EXERCISE DATA Block Start

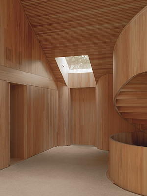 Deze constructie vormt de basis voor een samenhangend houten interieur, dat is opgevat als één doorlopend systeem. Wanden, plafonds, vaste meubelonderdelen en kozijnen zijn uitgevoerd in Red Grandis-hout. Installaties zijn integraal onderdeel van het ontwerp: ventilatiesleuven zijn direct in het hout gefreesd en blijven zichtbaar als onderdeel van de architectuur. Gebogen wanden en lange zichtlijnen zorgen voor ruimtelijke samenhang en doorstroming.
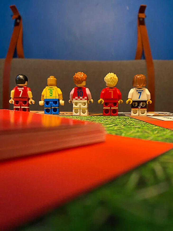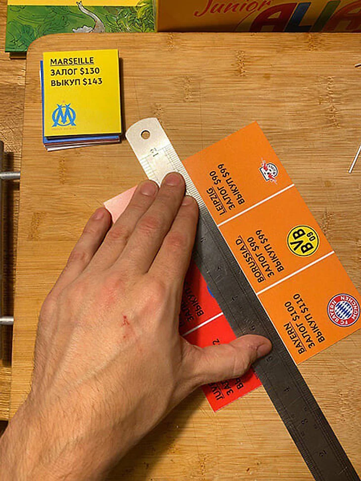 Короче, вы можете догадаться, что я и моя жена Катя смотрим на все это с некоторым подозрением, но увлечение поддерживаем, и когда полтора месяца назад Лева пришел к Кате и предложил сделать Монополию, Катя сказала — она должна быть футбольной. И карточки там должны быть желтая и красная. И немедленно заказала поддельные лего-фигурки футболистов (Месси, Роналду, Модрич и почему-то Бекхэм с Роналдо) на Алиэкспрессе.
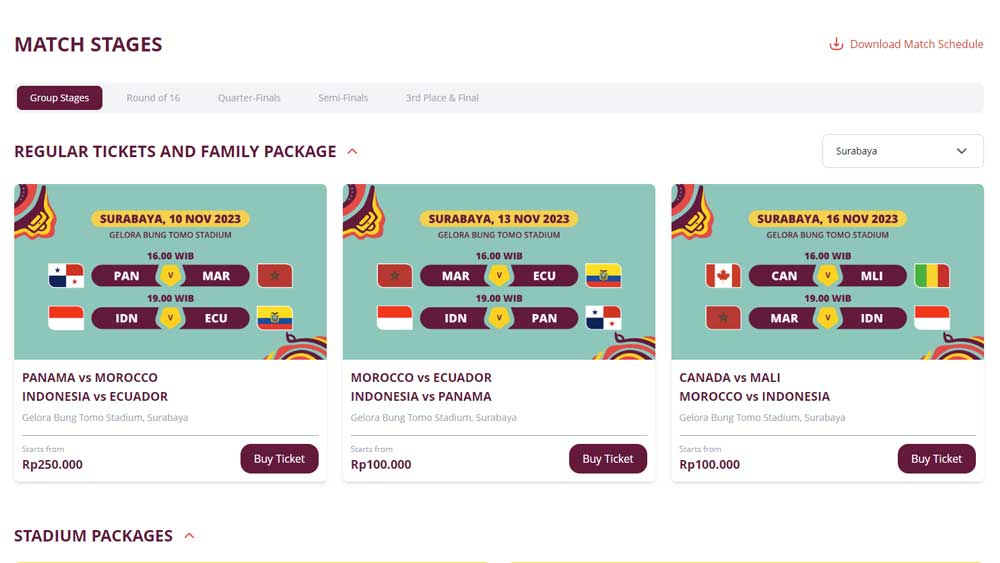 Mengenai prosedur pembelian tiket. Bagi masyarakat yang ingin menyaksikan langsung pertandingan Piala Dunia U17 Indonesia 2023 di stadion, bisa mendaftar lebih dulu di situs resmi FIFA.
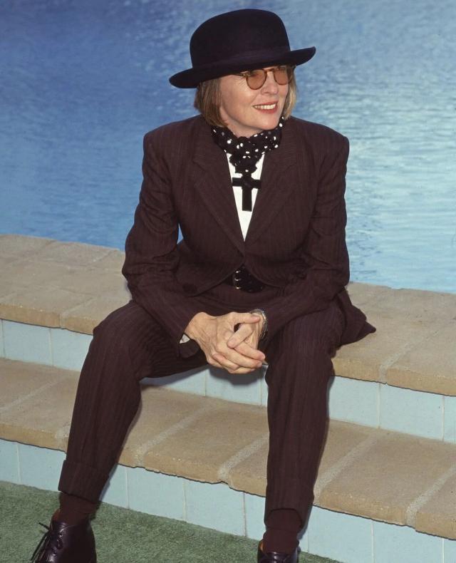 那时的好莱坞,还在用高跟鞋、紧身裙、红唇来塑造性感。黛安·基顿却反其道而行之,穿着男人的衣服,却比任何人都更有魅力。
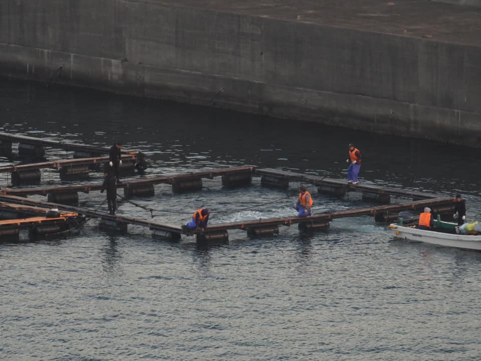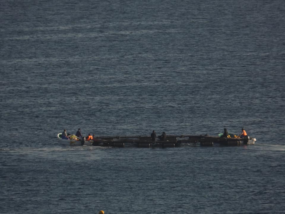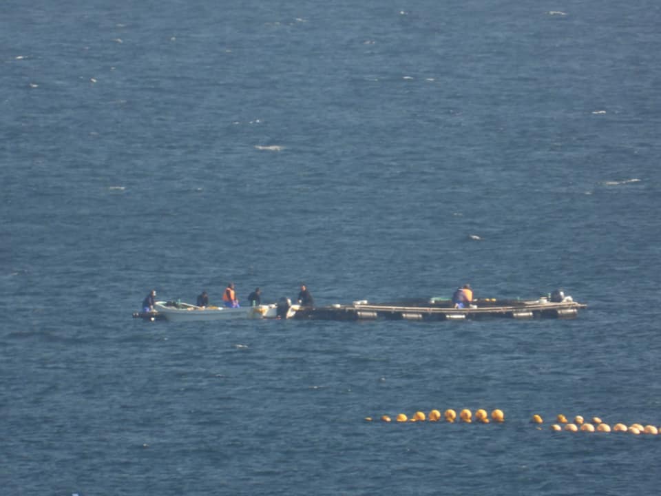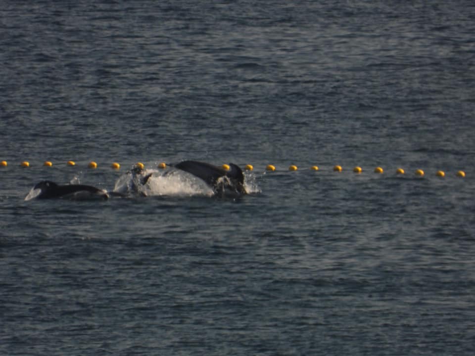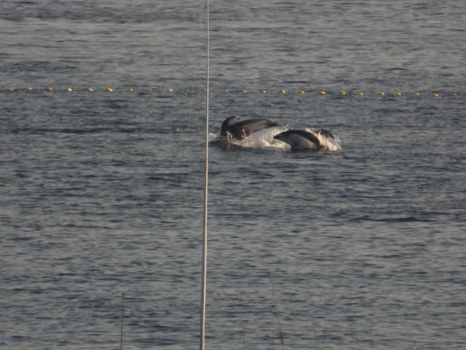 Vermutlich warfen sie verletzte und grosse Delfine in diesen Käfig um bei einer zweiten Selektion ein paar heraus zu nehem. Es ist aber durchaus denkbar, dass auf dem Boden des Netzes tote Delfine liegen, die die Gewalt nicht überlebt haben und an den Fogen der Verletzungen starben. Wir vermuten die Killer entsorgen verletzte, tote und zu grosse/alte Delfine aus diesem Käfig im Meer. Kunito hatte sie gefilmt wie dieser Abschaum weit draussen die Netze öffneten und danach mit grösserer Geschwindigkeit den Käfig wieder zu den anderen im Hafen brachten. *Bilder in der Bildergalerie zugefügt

EXERCISE DATA Block End

* _WHAT YOU HAVE TO DO_
Word for word, quote the lines above. Omit the pictures.

* _ANSWER TO THIS PROBLEM_
 Deze constructie vormt de basis voor een samenhangend houten interieur, dat is opgevat als één doorlopend systeem. Wanden, plafonds, vaste meubelonderdelen en kozijnen zijn uitgevoerd in Red Grandis-hout. Installaties zijn integraal onderdeel van het ontwerp: ventilatiesleuven zijn direct in het hout gefreesd en blijven zichtbaar als onderdeel van de architectuur. Gebogen wanden en lange zichtlijnen zorgen voor ruimtelijke samenhang en doorstroming.
 Короче, вы можете догадаться, что я и моя жена Катя смотрим на все это с некоторым подозрением, но увлечение поддерживаем, и когда полтора месяца назад Лева пришел к Кате и предложил сделать Монополию, Катя сказала — она должна быть футбольной. И карточки там должны быть желтая и красная. И немедленно заказала поддельные лего-фигурки футболистов (Месси, Роналду, Модрич и почему-то Бекхэм с Роналдо) на Алиэкспрессе.
 Mengenai prosedur pembelian tiket. Bagi masyarakat yang ingin menyaksikan langsung pertandingan Piala Dunia U17 Indonesia 2023 di stadion, bisa mendaftar lebih dulu di situs resmi FIFA.
 那时的好莱坞,还在用高跟鞋、紧身裙、红唇来塑造性感。黛安·基顿却反其道而行之,穿着男人的衣服,却比任何人都更有魅力。
 Vermutlich warfen sie verletzte und grosse Delfine in diesen Käfig um bei einer zweiten Selektion ein paar heraus zu nehem. Es ist aber durchaus denkbar, dass auf dem Boden des Netzes tote Delfine liegen, die die Gewalt nicht überlebt haben und an den Fogen der Verletzungen starben. Wir vermuten die Killer entsorgen verletzte, tote und zu grosse/alte Delfine aus diesem Käfig im Meer. Kunito hatte sie gefilmt wie dieser Abschaum weit draussen die Netze öffneten und danach mit grösserer Geschwindigkeit den Käfig wieder zu den anderen im Hafen brachten. *Bilder in der Bildergalerie zugefügt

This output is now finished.